The Karas decision is a departure from Beach, in that the Beach Court rejected an “imminent danger” interpretation and noted that the insurance industries’ interpretation would effectively encourage homeowners to wait for the property to actually collapse before making a claim. In Beach, the Court said it would make no sense for an insurance company to not want to repair a property that had suffered an impairment of its structural integrity when a much more drastic or substantial claim would likely occur if the property actually collapsed. “Requiring the insured to await an actual collapse would not only be economically wasteful… but would also conflict with the insured’s contractual and common law duty to mitigate damages.” Beach, at n.2.

The Beach decision had been utilized by many practitioners of property insurance coverage throughout the State who were able to obtain coverage for policyholders whose property suffered hidden decay, rot, insect damage, and, as in the case of the foundation cases, hidden structural damage to the foundation as a result of decaying concrete. Consider, for example, a home infested by hidden termites or hidden rot. In the past, upon discovery of such damage, if the homeowner was able to demonstrate that the structural integrity of the home or a portion of the home was significantly impaired, it was entitled to coverage under the older policy language.

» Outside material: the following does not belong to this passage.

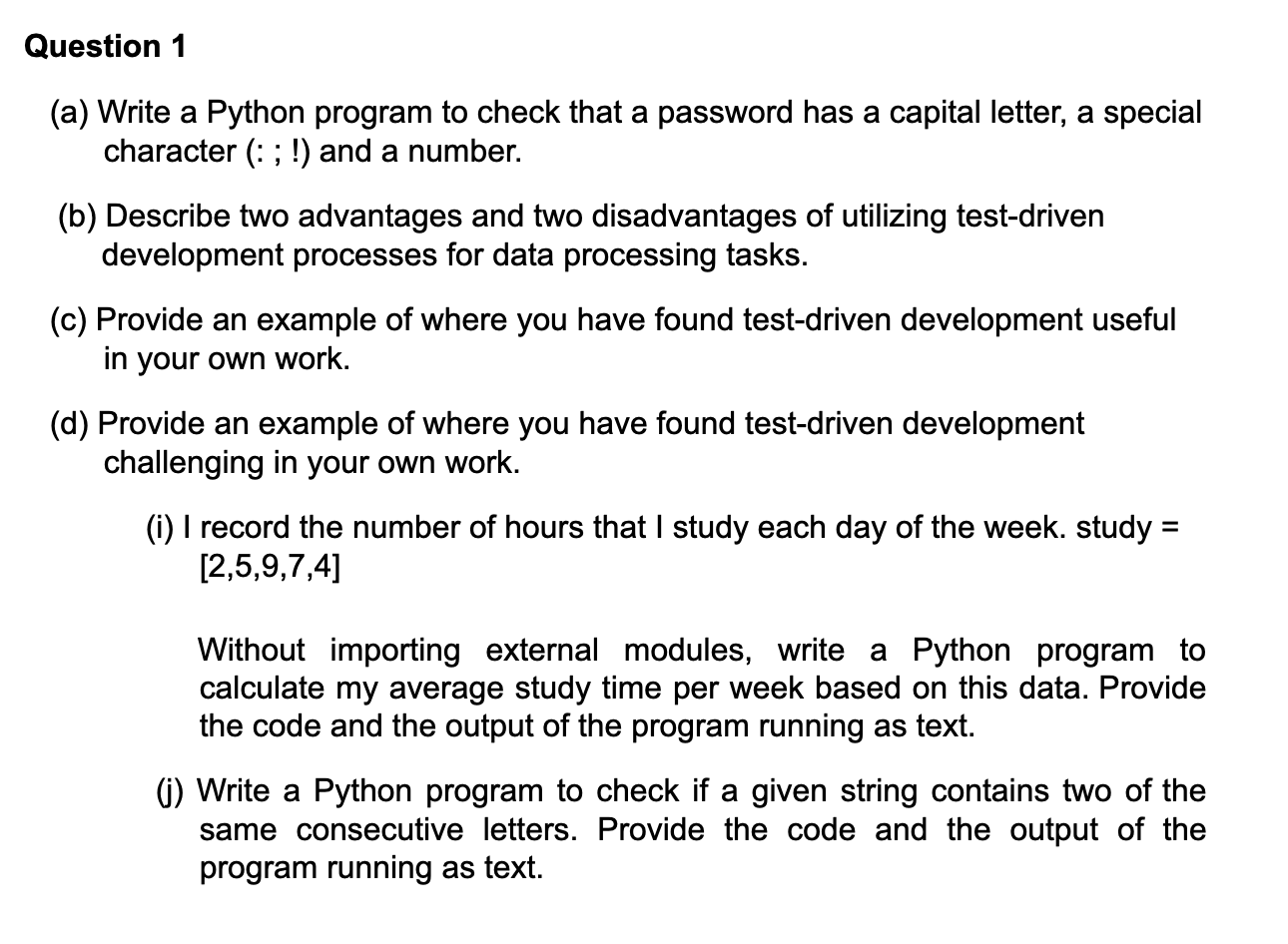 Solved Question 1 (a) Write a Python program to check that a | Chegg.com

Now, with the Supreme Court’s decision in Karas, that homeowner must demonstrate that the property is in “imminent danger” of collapse.

Any experienced practitioner of property insurance litigation or expert in the area knows that rot, insect damage, and other losses which effect homes, could take many years to actually cause the home to fall down or cave in, or put the property in such a state as to be characterized as in “imminent danger” of collapsing. The question is, under what circumstances would a collapse claim now be viable in Connecticut under the “old version” of collapse coverage? As the availability of the older forms is becoming increasingly rare, most policyholders will have the newer version which requires that the property actually cave-in. However, for those policyholders that may have the older version, the Karas decision now creates a new impediment to policyholders attempting to make a claim before their structure actually collapses– they will now have to demonstrate that it is in imminent danger of collapsing. The Court’s decision has taken potential coverage away from a number of Connecticut policyholders and represents another unfortunate step in the wrong direction regarding the rights of policyholders.

So what remedy is available for Connecticut policyholders with crumbling foundations? In 2017, Connecticut’s legislature established the Connecticut Foundation Solutions Indemnity Company (CFSIC) to help with the cost of repairing crumbling concrete issued caused by concrete mixtures found to contain pyrrhotite. Currently, in Connecticut, upwards of 35,000 homes are facing crumbling foundation issues due to the pyrrhotite-affected concrete. CFSIC was created to help cover the cost to fix these concrete issues. However, CFSIC only covers concrete work, and not any additional work homeowners may need to have done to their property to fully fix the issue. Further, CFSIC has limited funding each year to repair these homes, and is currently only slated to receive funding for five years, ending in 2022. The funding necessary to repair all these homes is currently unknown, but is expected to cost far more than the funds allotted to CFSIC.

Homeowners with crumbling foundations may apply for help with the cost at https://crumblingfoundations.org/. The website offers two application processes: Type 1, for those who have not yet begun repairing the crumbling foundation, and Type 2, for those who have already repaired the crumbling foundation and are seeking reimbursement. The CFSIC was planning on taking applications until February 29, 2020, pending the availability for funds for the year. However, given the development of COVID-19, homeowners should check their website for any updated deadlines. It is also important to note that if you are currently in litigation with its insurance company for coverage of the crumbling foundation, then your application will be put on hold until that litigation is settled or withdrawn.